> TASK GOAL: Find the line with "LEGO samling bestående" and the line with "Деловой человек представляют" in the entries below; output exactly those two lines, every line between them, and no others.
== DATASET RECORDS
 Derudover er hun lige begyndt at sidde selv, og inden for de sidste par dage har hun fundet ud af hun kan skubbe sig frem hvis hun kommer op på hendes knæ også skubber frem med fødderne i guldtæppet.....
====
== DATASET RECORDS
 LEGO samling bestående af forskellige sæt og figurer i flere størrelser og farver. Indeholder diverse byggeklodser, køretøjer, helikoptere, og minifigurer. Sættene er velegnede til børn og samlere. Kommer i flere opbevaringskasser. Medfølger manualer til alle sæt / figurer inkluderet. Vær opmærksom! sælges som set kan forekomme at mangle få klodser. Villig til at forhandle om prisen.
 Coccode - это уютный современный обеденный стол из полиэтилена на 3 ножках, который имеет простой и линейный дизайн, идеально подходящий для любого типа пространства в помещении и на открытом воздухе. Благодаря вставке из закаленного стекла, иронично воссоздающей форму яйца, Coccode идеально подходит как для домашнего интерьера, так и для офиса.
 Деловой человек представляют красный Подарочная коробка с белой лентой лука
====
> PROBLEM SOLUTION:
 LEGO samling bestående af forskellige sæt og figurer i flere størrelser og farver. Indeholder diverse byggeklodser, køretøjer, helikoptere, og minifigurer. Sættene er velegnede til børn og samlere. Kommer i flere opbevaringskasser. Medfølger manualer til alle sæt / figurer inkluderet. Vær opmærksom! sælges som set kan forekomme at mangle få klodser. Villig til at forhandle om prisen.
 Coccode - это уютный современный обеденный стол из полиэтилена на 3 ножках, который имеет простой и линейный дизайн, идеально подходящий для любого типа пространства в помещении и на открытом воздухе. Благодаря вставке из закаленного стекла, иронично воссоздающей форму яйца, Coccode идеально подходит как для домашнего интерьера, так и для офиса.
 Деловой человек представляют красный Подарочная коробка с белой лентой лука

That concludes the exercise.